2 Problem Description

Definition 1

Server and its resource utilization vector. The data center has n servers \(S_{i},i\in [1,n]\). Vector \(\overrightarrow{S_{i}^{cur}}=(S_{i,CPU}^{cur},S_{i,Mem}^{cur})\) represents the current resource utilization of different servers in the data center, \(S_{i,CPU}^{cur}\) is the current CPU utilization of server \(S_{i}\), \(S_{i,Mem}^{cur}\) is the current memory utilization of server \(S_{i}\). Vector \(\overrightarrow{S_{i}^{nxt}}=(S_{i,CPU}^{nxt},S_{i,Mem}^{nxt})\) represents the predicted resource utilization of different servers in the data center at the next time.

Definition 2

Batch task and its resource occupancy rate. The number of batch tasks that need to be deployed to the server at a given time is m, \(B_{j},j\in [1,m]\) represents a batch task, \(B_{j,CPU}\) is the CPU requirement of \(B_{j}\), \(B_{j,Mem}\) is the memory requirement of \(B_{j}\).

Definition 3

Batch tasks to servers deployment matrix. The deployment relationship between the batch tasks and servers can be expressed as a matrix \(E=(e_{ij})_{n\times m}\). When batch task \(B_{j}\) is deployed to server \(S_{i}\), \(e_{ij}=1\), otherwise \(e_{ij}=0\).

Definition 4

Server and its current utilization estimate. For server \(S_{i}\), its current CPU utilization estimate is the sum of \(S_{i,CPU}^{cur}\) and the CPU resource requested for all batch tasks deployed on it: \(EST_{i,CPU}^{cur}=S_{i,CPU}^{cur}+\sum _{j=1}^{m}e_{ij}B_{j,CPU}\). In the same way, its current memory utilization estimate is \(EST_{i,Mem}^{cur} = S_{i,Mem}^{cur} + \sum _{j=1}^{m}e_{ij}B_{j,Mem}\).

Definition 5

Server and its next-period utilization estimate. Assume that the batch tasks currently deployed are not finished in the next period. For server \(S_{i}\), its next-period CPU utilization estimate \(EST_{i,CPU}^{nxt}\) is the sum of \(S_{i,CPU}^{nxt}\) and the CPU resource requested for all the batch tasks currently deployed on it: \(EST_{i,CPU}^{nxt}=S_{i,CPU}^{nxt}+\sum _{j=1}^{m}e_{ij}B_{j,CPU}\). Its next-period memory utilization estimate \(EST_{i,Mem}^{nxt}=S_{i,Mem}^{nxt}+\sum _{j=1}^{m}e_{ij}B_{j,Mem}\).

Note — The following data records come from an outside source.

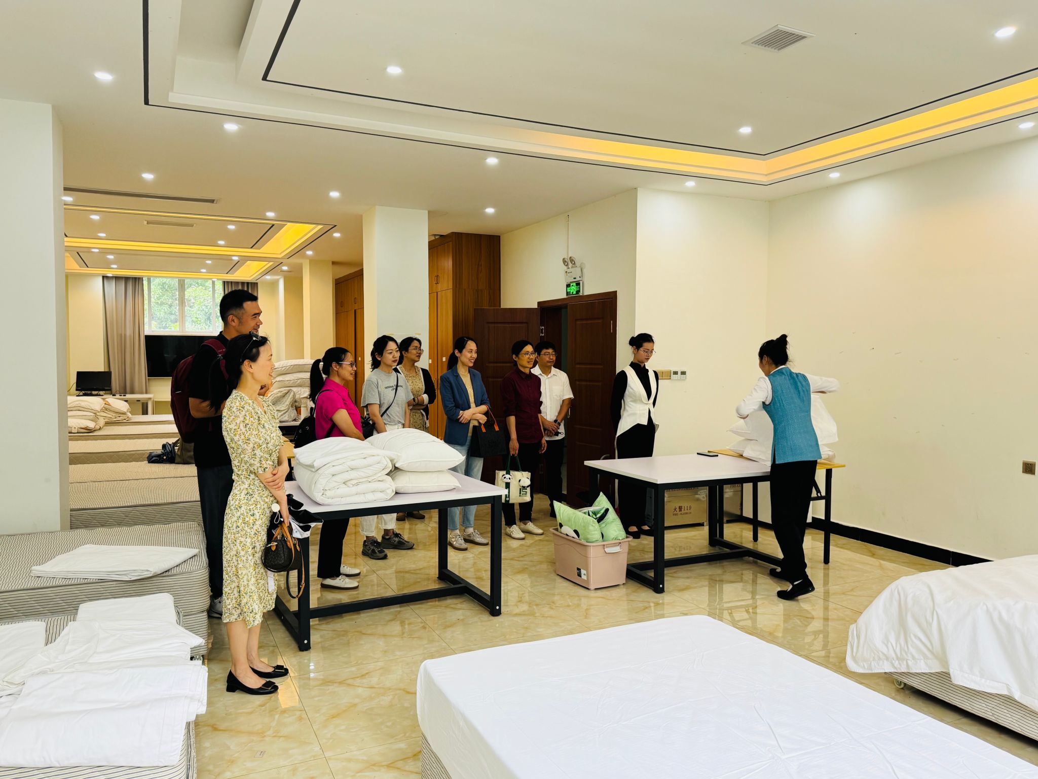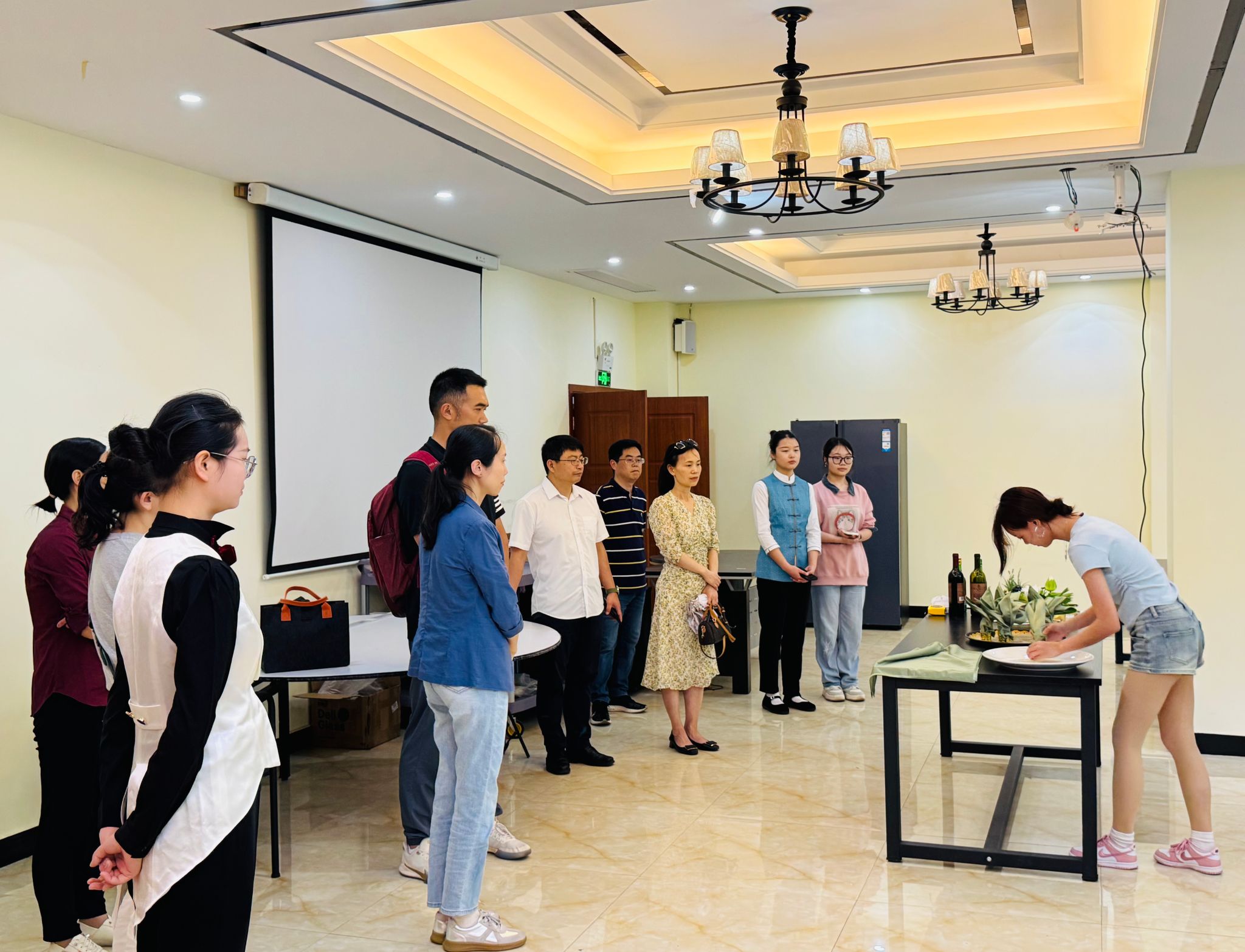 首先,在旅游与地理科学学院徐秀云书记、郭剑英院长和孙永兴副院长的带领下,重点参观了客房实训室、酒吧实训室、中西餐饮实训室、茶艺实训室等实训平台。深入了解酒店管理实训室建设、酒水调制与餐饮服务全流程实训项目策划,以及旅游接待实训场景的设计。双方围绕旅游服务行业需求、职业能力培养与课程设计衔接、跨专业实训资源共享等议题进行了热烈讨论。
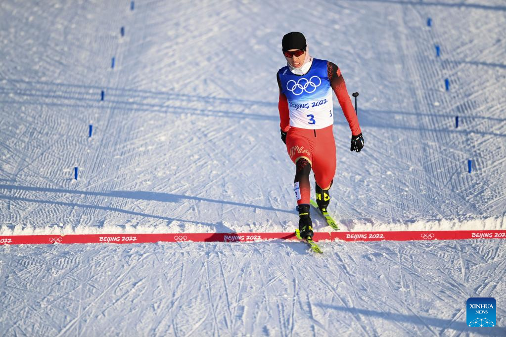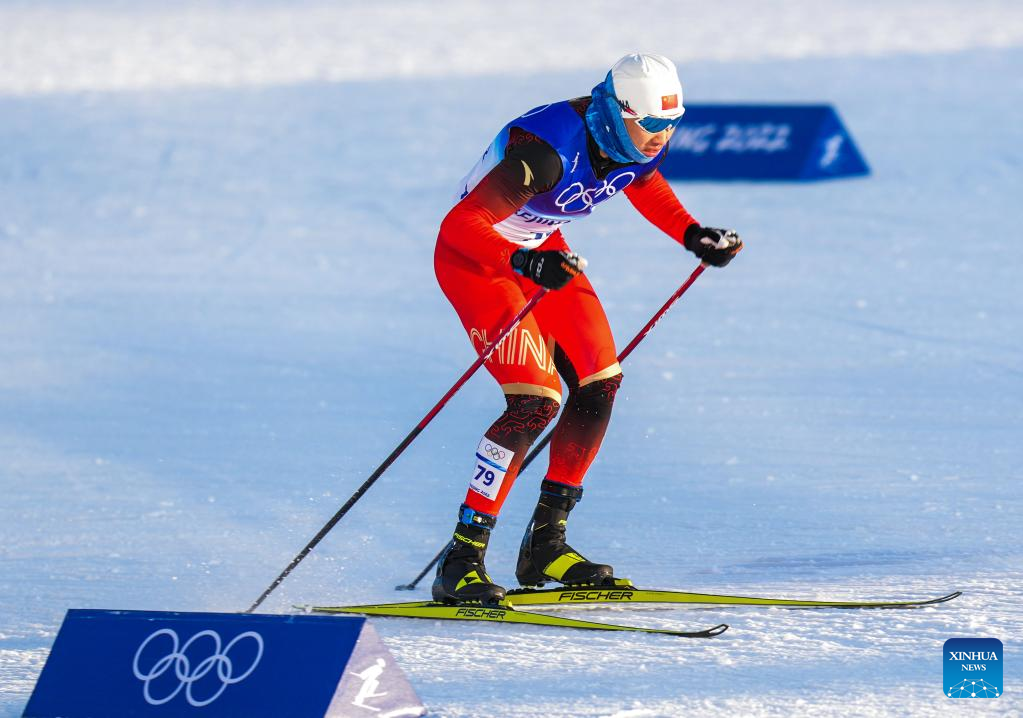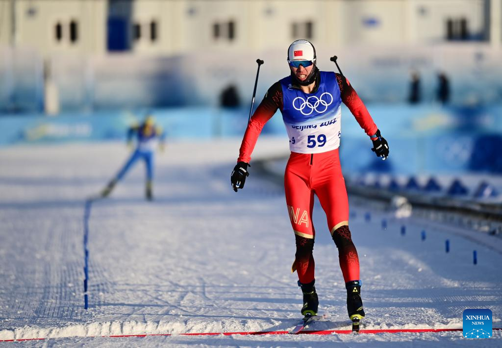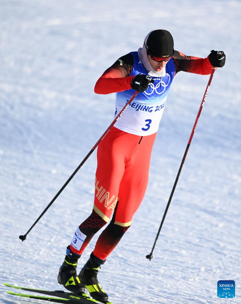 Liu Rongsheng of China competes during the cross-country skiing men's sprint free qulification match of Beijing 2022 Winter Olympics at Zhangjiakou National Cross-country Skiing Centre in Zhangjiakou, north China's Hebei Province, Feb. 8, 2022. (Xinhua/Wang Song)
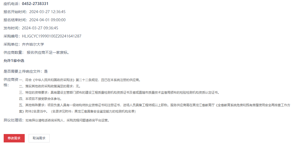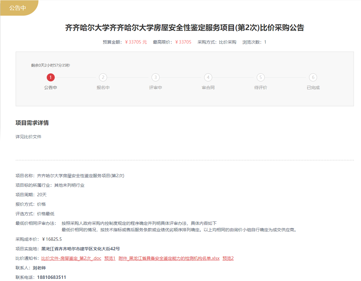 齊齊哈爾大學房屋安全性鑒定服務項目(第2次)比價采購公告(轉自黑龍江省政府采購網)

Problem Model. By introducing the above definitions, the server load balancing problem can be modeled as a multi-objective optimization problem, whose objective functions:

$$\begin{aligned} \begin{aligned} min(K_{Res}^{cur})&=min \left( \sqrt{\frac{1}{n}\sum _{i=1}^{n}\left( EST_{i,Res}^{cur} -\frac{1}{n}\sum _{i=1}^{n}EST_{i,Res}^{cur}\right) ^{2}}\right) , \\Res&\in \{CPU,Mem\} \end{aligned} \end{aligned}$$
(1)

\(K_{Res}^{cur}\) is the standard deviation of the current resource utilization estimate for servers of the data center.

The constraint functions are as follows:

$$\begin{aligned} \sum _{i=1}^{n}e_{ij}=1,j=1,2,...,m \end{aligned}$$
(2)

indicating that each batch task can only be deployed on one server.

$$\begin{aligned} EST_{i,Res}^{cur}=S_{i,Res}^{cur}+\sum _{j=1}^{m}e_{ij}B_{j,Res}<T_{i,Res} \end{aligned}$$
(3)
$$\begin{aligned} EST_{i,Res}^{nxt}=S_{i,Res}^{nxt}+\sum _{j=1}^{m}e_{ij}B_{j,Res}<T_{i,Res} \end{aligned}$$
(4)

represent that when the batch tasks are deployed on the servers, the current and next-period resource utilization cannot exceed the server resource threshold. The resource threshold of server \(S_{i}\) is \(T_{i,Res}\).

3 Experimental Evaluation

The cluster data released by Alibaba in 2017 is used as the experimental data. It contains 12-h trace information of 1,310 machines, including machine resource usage and batch task workload.

We use the logistic regression model of Prophet for prediction. The model parameters are as follows: capacity is 100%, changepoint_range is 100%, changepoint_prior_scale is 0.2, and n_changepoint is automatically set by the model. The sliding window mechanism was applied to predict the workload and the length of the window is set to 8.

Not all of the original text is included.